Rz. 518
In Bezug auf das Vorliegen eines wichtigen Grundes dafür, eine persönliche Meldung i. S. v. Abs. 1 Satz 2 Nr. 8 i. V. m. § 309 zu versäumen, gelten die allgemeinen Grundsätze (vgl. Rz. 538 ff. und die alphabetisch aufgeführten Fallgestaltungen unter Rz. 561 ff.). Ein wichtiger Grund für ein Meldeversäumnis liegt stets vor, wenn dem Arbeitsuchenden bzw. dem Arbeitslosen die persönliche Meldung nicht möglich war, z. B. aufgrund von genehmigter Ortsabwesenheit oder bei einer mit Arbeitsunfähigkeit verbundenen Erkrankung, die es auch nicht erlaubt, am Meldeort persönlich zum Meldetermin vorzusprechen (vgl. BSG, Urteil v. 9.11.2010, B 4 AS 27/10 R). In dem vom BSG entschiedenen Verfahren hatte das Gericht in erster Linie das Erfordernis des Schuldvorwurfs bestätigt. Das Meldeversäumnis war vorwerfbar, weil das Jobcenter den Meldepflichtigen mit den Einladungsschreiben ausdrücklich darauf hingewiesen hatte, dass nur eine ärztliche Bescheinigung mit Angabe gesundheitlicher Gründe sein Nichterscheinen zu den Meldeterminen entschuldigen kann. Diese Rechtsprechung ist uneingeschränkt auf das Arbeitsförderungsrecht übertragbar. Es kann auch nicht eingewendet werden, dass betroffene Personen dadurch gezwungen würden, der Agentur für Arbeit Angaben über ihre Erkrankung zu machen, weil lediglich zu fordern ist, dass nicht stets eine Bescheinigung über vorliegende Arbeitsunfähigkeit ausreicht, um einen wichtigen Grund für ein Meldeversäumnis zu haben, sondern eine Bescheinigung darüber erforderlich sein kann, dass die betroffene Dienststelle der Agentur für Arbeit zum Meldetermin wegen der Erkrankung nicht aufgesucht werden konnte (sog. Bettlägerigkeitsbescheinigung). Angaben über die Erkrankung selbst sind nicht erforderlich.
Rz. 519
Unmöglichkeit zur Wahrnehmung des Meldetermins ist ferner bei Ereignissen anzunehmen, die einer persönliche Vorsprache bei der Agentur für Arbeit verhindern, z.

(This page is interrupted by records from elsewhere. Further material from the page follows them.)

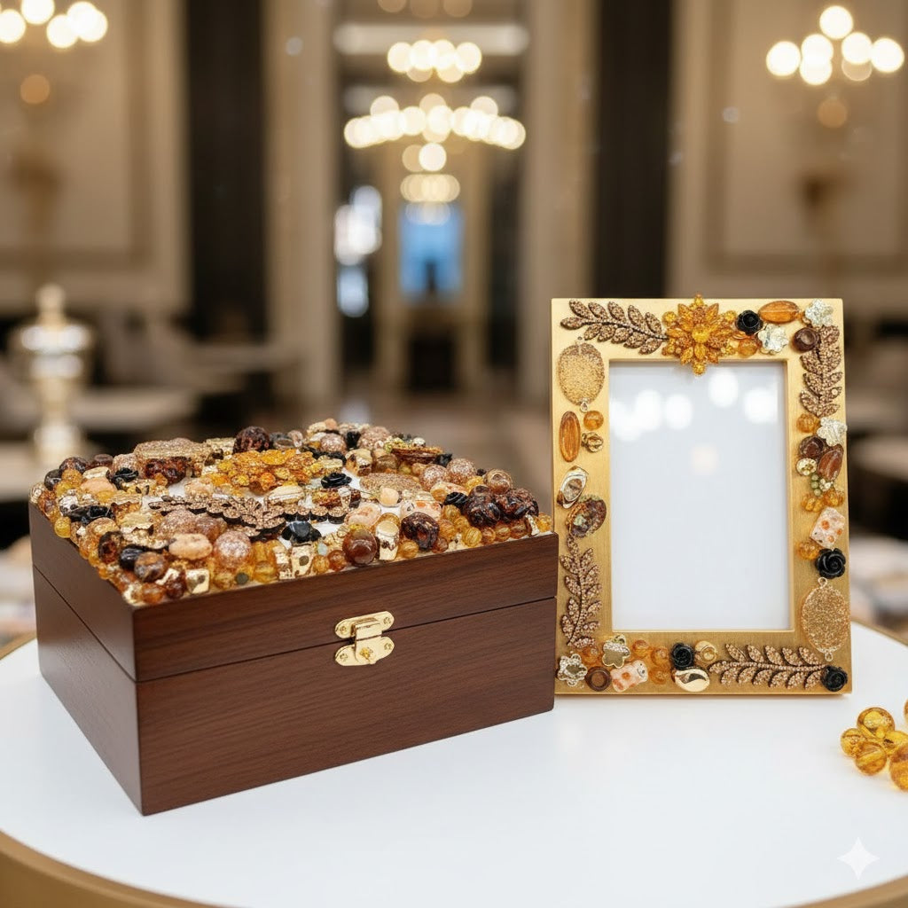 Toast to the finer things in life. 🥂✨ Introducing Champagne Glow—a couture manifesto curated for the muse who radiates warmth and sophistication. We’ve captured the effervescent magic of a sunset soiree, blending rich amber hues, vintage tortoiseshell patterns, and the deep luxury of cognac diamonds. At the heart of this collection shines our breathtaking sunburst amber crystal brooch, a beacon of golden-hour glamour, accompanied by chic noir roses and gilded foliage branches that whisper of timeless elegance. It’s giving 'Old Money Aesthetic' meets 'Vintage Vogue'—the ultimate fashion-forward palette for your most luxurious masterpiece yet. 🍂🥃🕶️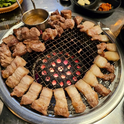 만장굴 탐방을 마친 후 숙소로 향하기 전 제주 전통음식을 맛보기로 했습니다. 해질 무렵 찾은 식당에서는 신선한 제주 돼지고기로 만든 흑돼지 구이가 인기 메뉴였습니다. 고소한 향이 퍼지는 가운데, 쌈장과 마늘을 곁들여 한입 베어 물자 육즙이 가득 퍼지며 환상적인 맛을 선사했습니다.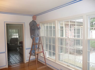 Walls below are a dusty tan color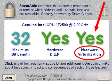 一、首先要看看自己的電腦CPU是否支持虛擬化技術,這里推薦大家使用一款名為“securable工具”查看,這里提供【本站下載地址(105k)】。下載后打開securable工具,之后會開始檢測電腦CPU是否支持虛擬化。如果“Hard Virtualization”下面是YES那么就支持(如圖)。
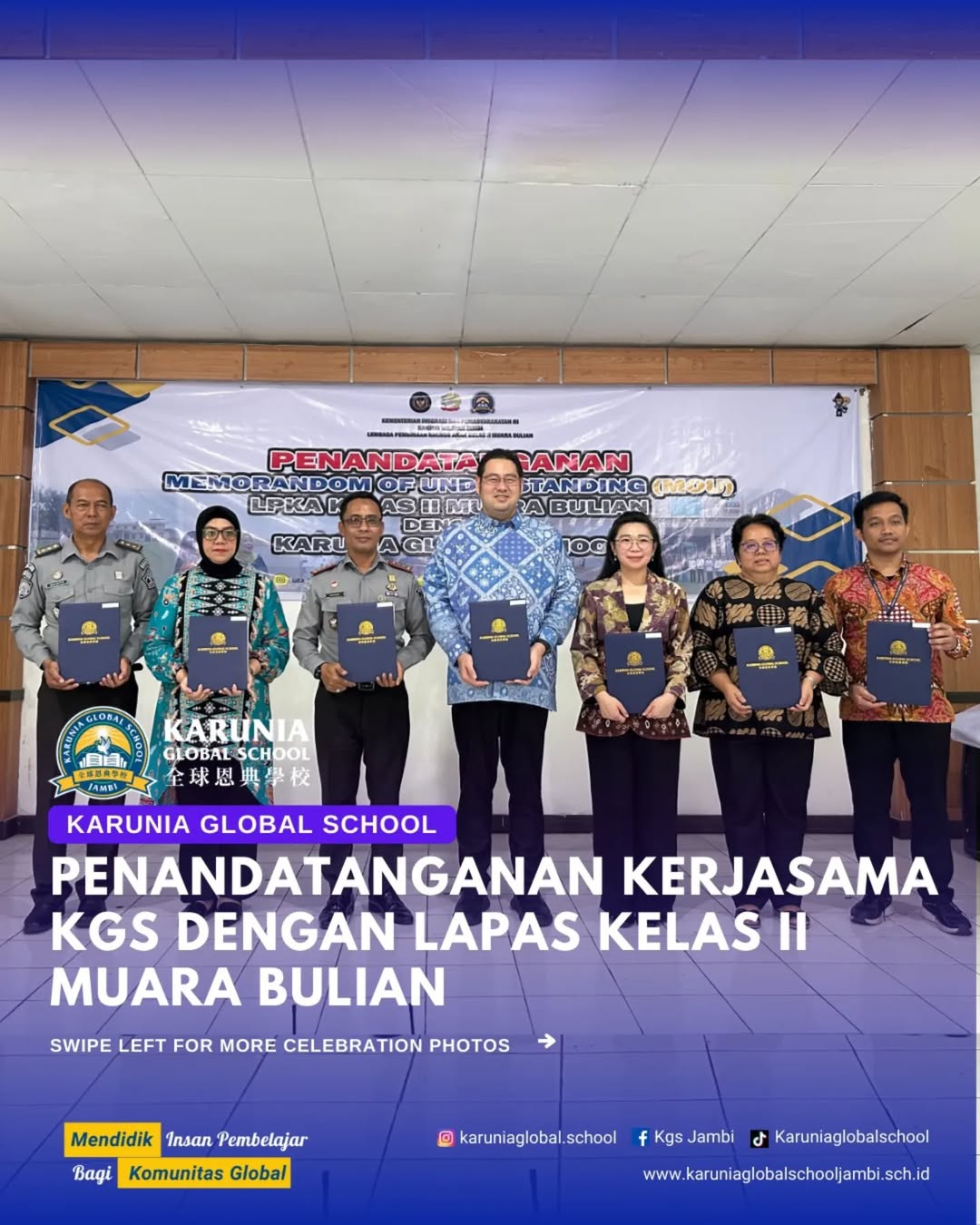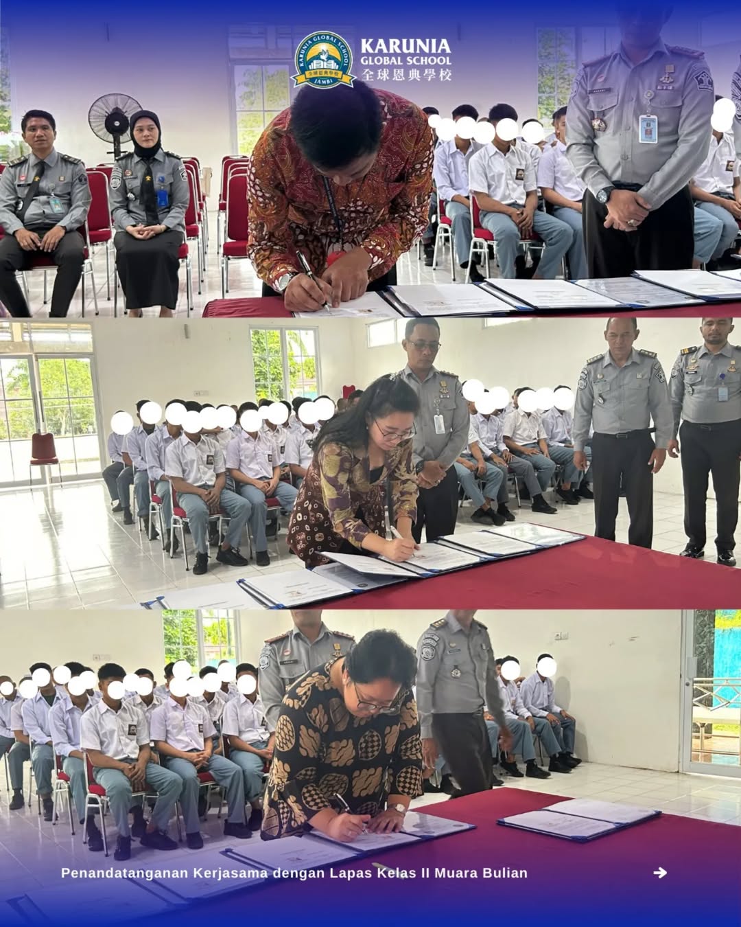 Penandatanganan MoU ini dilakukan langsung oleh Muhammad Askari Utomo (Kepala LPKA Kelas II Muara Bulian), Yustanti Limardi (Direktur Karunia Global School), Imelda Triana Sahelangi (Ketua Perkumpulan SPK Indonesia), Tristan Kusumawati Alexandra (Kepala Sekolah SD & SMP KGS), dan Toho Fervin M. Situmorang (Kepala Sekolah SMA KGS).

B. ein Unfall mit dem privaten Kfz oder dessen Ausfall, wenn die Agentur für Arbeit zu Fuß nicht in zumutbarer Zeit erreicht werden kann und auf öffentliche Nahverkehrsmittel nicht oder nicht in zumutbarer Zeit ausgewichen werden kann. Wer die objektiv bestehende Verhinderung verursacht hat, ist insoweit irrelevant.
Rz. 520
Neben der Unmöglichkeit der Vorsprache können auch Umstände einen wichtigen Grund darstellen, bei denen die Wahrnehmung der Meldung hinter andere Interessen zurücktreten muss, die eine persönliche Vorsprache insofern erschweren. Das sind objektivierbare persönliche Interessen des Arbeitsuchenden bzw. des Arbeitslosen, bei denen eine Abwägung mit den Interessen der Versichertengemeinschaft ergibt, dass die persönlichen Interessen Vorrang haben. Hierbei ist einerseits das Interesse der Versichertengemeinschaft zu würdigen, dass sich vom Gewicht her allerdings erst aus dem individuellen Beratungszweck ergibt. So dürfte einem Vermittlungsangebot ein erheblich größeres Gewicht beizumessen sein als etwa der Beseitigung einer Unsicherheit über die weitere Gültigkeit der Anschrift des Arbeitslosen oder eine von den erlaubten Meldezwecken gedeckte beabsichtigte allgemeine Beratung. Ein vergleichbar hohes Gewicht kommt der Bekämpfung von Leistungsmissbrauch bei vorhandenen Indizien aufgrund von Tatsachen im Einzelfall zu.
Bei den privaten Interessen sind zunächst die versicherungsrelevanten Umstände zu nennen, denen bei der notwendigen Interessenabwägung großes Gewicht zukommt, z. B. ein Vorstellungstermin bei einem potenziellen Arbeitgeber, aber auch andere Aktivitäten, die eine Beendigung des Versicherungsfalles zum Ziel haben (Arbeitsuche, berufliche Weiterbildung u. a.). Hinzutreten können wichtige persönliche Belange unabhängig vom Verlauf des Versicherungsfalles als wichtiger Grund, etwa bedeutsame persönliche Angelegenheiten familiärer oder geschäftlicher Art. Beispielhaft können hier Geburt, Tod, Hochzeit, Kommunion/Konfirmation u. a. naher Angehöriger genannt werden, aber auch eine Ladung vor Gericht.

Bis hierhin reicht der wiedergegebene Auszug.